American artist (born 1954)

Steven Montgomery (born 1954 in Detroit) is an American artist most often associated with large scale ceramic sculpture suggesting industrial objects or mechanical detritus. He received a Bachelor of Philosophy degree from Grand Valley State University in Allendale, Michigan, and a Master of Fine Arts from the Tyler School of Art of Temple University in Philadelphia, Pennsylvania.

Montgomery's work includes ceramic pieces in the trompe-l'œil style, creating "an optical deceit that induces a false perceptual belief."

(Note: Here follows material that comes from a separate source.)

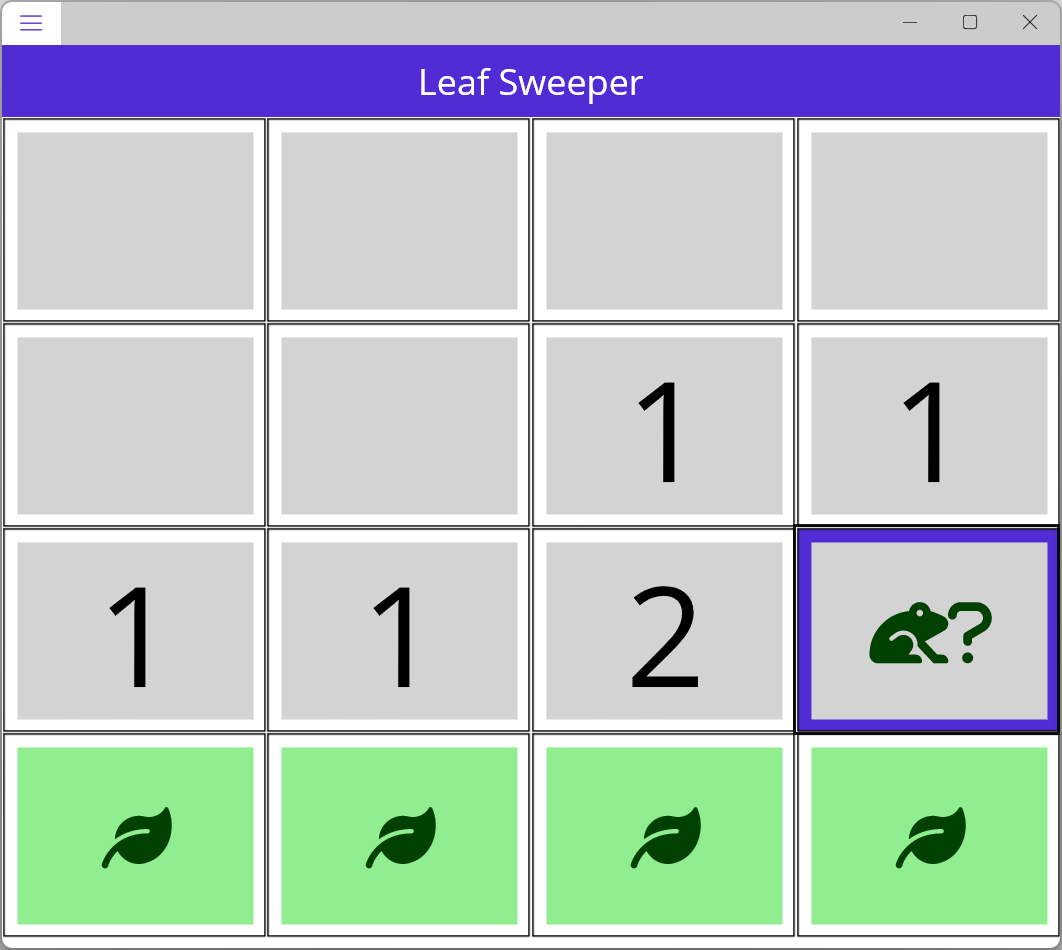 The Leaf Sweeper Game is based on the traditional Minesweeper game, but the aim of this game is to sweep the leaves off a group of paving stones without disturbing two frogs resting under the leaves on two of the stones. When the game is run, a 4-by-4 grid of squares appears, with each square showing a leaf symbol. The squares represent a group of paving stones covered with leaves. First clear the leaves off one of the stones by clicking on the stone. When using a keyboard, move focus to the grid of squares and arrow around to move to the stone of interest, and then press Space or Enter to clear the leaves off the stone. When the leaves are cleared, the number of frogs in the stones adjacent to that stone will be shown on the stone. If no frogs are on adjacent stones, then the clicked stone shows nothing. In addition, all adjacent stones with no frogs will also be cleared until blocked by stones with one or more stones showing nearby frog counts.

He has been awarded fellowships from the New York Foundation for the Arts (1990, 2006, 2009), the Pollock-Krasner Foundation (2004), and awards for ceramic sculpture at international exhibitions in Korea and Taiwan (2003, 2004). He is the first ceramic sculptor to receive a Smithsonian Artist Research Fellowship (2012) and is currently working as an artist in residence at the National Air and Space Museum in Washington, D.C.

His work is included in the collections of the Metropolitan Museum of Art and the Museum of Arts and Design in New York, the Smithsonian American Art Museum and the Corcoran Gallery of Art in Washington, D.C., and numerous other public and private collections throughout the United States and abroad. He has had major solo exhibitions at both the Everson Museum of Art in Syracuse, New York (1998) and at the Daum Museum of Contemporary Art in Sedalia, Missouri (2006).

He has lived and worked in New York City since 1980.